- **Supplied data**:
##############################
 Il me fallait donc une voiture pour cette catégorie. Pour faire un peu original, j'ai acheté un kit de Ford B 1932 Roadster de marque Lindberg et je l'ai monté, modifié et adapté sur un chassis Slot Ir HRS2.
##############################
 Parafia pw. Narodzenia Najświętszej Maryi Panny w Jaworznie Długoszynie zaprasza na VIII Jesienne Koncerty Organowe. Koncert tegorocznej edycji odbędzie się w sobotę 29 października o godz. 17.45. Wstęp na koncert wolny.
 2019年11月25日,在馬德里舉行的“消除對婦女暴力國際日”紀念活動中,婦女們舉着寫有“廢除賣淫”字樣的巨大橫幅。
##############################
- **What you are asked to do**: Please transcribe only the lines in the records above running from the line that has "Parafia pw. Narodzenia" through the line that has "2019年11月25日,在馬", both included, exactly as they appear.

- **Response below**:
 Parafia pw. Narodzenia Najświętszej Maryi Panny w Jaworznie Długoszynie zaprasza na VIII Jesienne Koncerty Organowe. Koncert tegorocznej edycji odbędzie się w sobotę 29 października o godz. 17.45. Wstęp na koncert wolny.
 2019年11月25日,在馬德里舉行的“消除對婦女暴力國際日”紀念活動中,婦女們舉着寫有“廢除賣淫”字樣的巨大橫幅。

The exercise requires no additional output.